Anschussseminar

Am Samstag, dem 07.09.2019, fand bei bewölktem Himmel ein Anschussseminar auf dem Kirchscheider Hof in Lohmar statt. Elisabeth Trimborn, die Vorsitzende des Hegerings 03 begrüßte
die beiden Dozenten, Herrn Georg Schneider (Schweißhundestation Lohmar) und Herrn Holger Haas, Büchsenmacher aus Troisdorf und designierter Nachfolger von Herrn Schneider sowie die rund 40 Teilnehmer.

 

Unter der kompetenten und fachkundigen Anleitung wurden die Anwesenden über das richtige Verhalten vor und nach dem Schuss informiert. Jeder Jäger wurde zunächst in die Verantwortung genommen, dem Thema die Bedeutung zu geben, die ihm gebührt, denn „die beste Nachsuche ist die, die gar nicht erst durchgeführt werden muss“.

 

Der Kammerschuss auf breit stehendes Wild ist waidgerecht und birgt das geringste Risiko einer Nachsuche. Sollte es jedoch zu einem Fehlschuss kommen, muss der Schütze genau  wissen, wo er abgekommen ist, wie das Stück zeichnete und wohin es absprang. Aus Tierschutzgedanken sind die Nachsuche, die richtige Einordnung von Pirschzeichen und das Führen von speziell ausgebildeten Schweißhunden notwendige Bestandteile der Jagdausübung. „Jeder Schuss wird nachgesucht“ ist das Credo einer waidgerechten Jagd.

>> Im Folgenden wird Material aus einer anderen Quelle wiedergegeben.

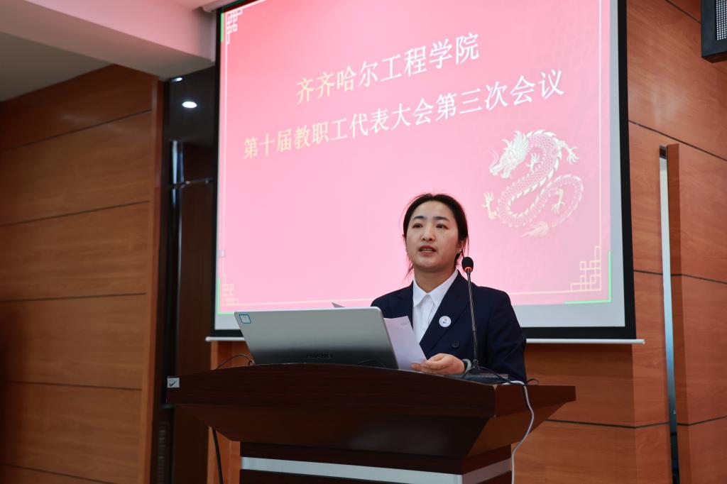 3月1日,Beat365中文官方网站第十届教职工代表大会第三次会议在图书馆601报告厅召开,来自学校9个基层工会的156名教职工代表参加大会,200余位教职工列席会议。学校工会 副主席王丽萍主持大会。

Damit ist jedoch nicht die sofortige Suche ohne Zeitaufschub gemeint, sondern der Zeitpunkt mit den besten Erfolgsaussichten. Herr Schneider wies ausdrücklich darauf hin, dass die anerkannten Nachsuchegespanne jederzeit, auch bei widrigen Witterungsbedingungen und Nachts, kostenlos und verschwiegen ihre Arbeit im Dienste der Kreatur nachkommen. 

 

Nach dem Schuss ist zunächst in Ruhe abzuwarten. Das beschossene Stück soll nicht aus dem Wundbett aufgemüdet werden, da es, derart verhetzt, trotz schwerer Verletzung oft noch weite Strecken flüchtet. Laufschüsse beispielsweise sollten nicht angegangen werden. Der durch die Verletzung verursachte Adrenalinschub klingt ab, durch Muskelverspannungen, Blutergüsse etc. wird das Wild steif und ungelenk und kann vom Hund schnell gestellt werden.

 

Nach einer angemessenen Wartezeit muss der Jäger den Anschuss  markieren  (z.B.Flatterband) und nach Pirschzeichen suchen, ohne diese zu vertreten. Daraus ergeben sich für den  Schweißhundeführer notwendige Hinweise wie Schnitt- und Schlaghaare, Schweiß, Knochensplitter, Wildbret- und Äserteile sowie Beschädigungen an Bäumen. Weitere wichtige Grundlage für eine Nachsuche ist das ordnungsgemäß ausgefüllte „Anschussprotokoll“ (kostenloses Standardprotokoll „Schweißhundestation“ LJV, NRW). Hier werden Angaben wie Wildart, Stellung beim Schuss, Fluchtrichtung und Pirschzeichen verschriftlicht. Fehlerhafte Angaben, oft aus Schamgefühl, führen zu qualvollem Verenden, deshalb sind wahrheitsgemäße Angaben zwingend notwendig. Herr Schneider betonte, das kein jagdliches Handeln kritisiert wird, sondern dem Wild Leid erspart werden soll.

 

Angereichert wurde der Vortrag durch zahlreiche Anekdoten und Geschichten aus dem Alltag eines Nachsucheführers, so beispielsweise die längste Nachsuche mit mehr als 30km vom Anschussort entfernt.

 

Der Theorie folgte ein praktischer Teil. Hier wurden die Wirkungen der Geschosse im Wildkörper im Revier veranschaulicht. Fünf verschiedene Stationen waren vorbereitet, an denen kleine Grüppchen von Teilnehmern unterschiedliche Anschüsse (Vorderlauf, Keule, Äser, Krell- und Waidwundschuss) in Augenschein nehmen und Pirschzeichen sichern konnten. Zusätzlich wurde das Schussbild zweier Zerlegungsgeschosse auf einer weißen Stoffbahn dargestellt, um die Gefährdung des Umfeldes durch austretende Splitterreste zu verdeutlichen.

 

Alle Teilnehmer, auch unsere erfahrensten Jäger, waren von dem lehrreichen und anregenden Seminar begeistert, ein absolutes „Muss“ für jeden Jäger, so die einstimmige Meinung.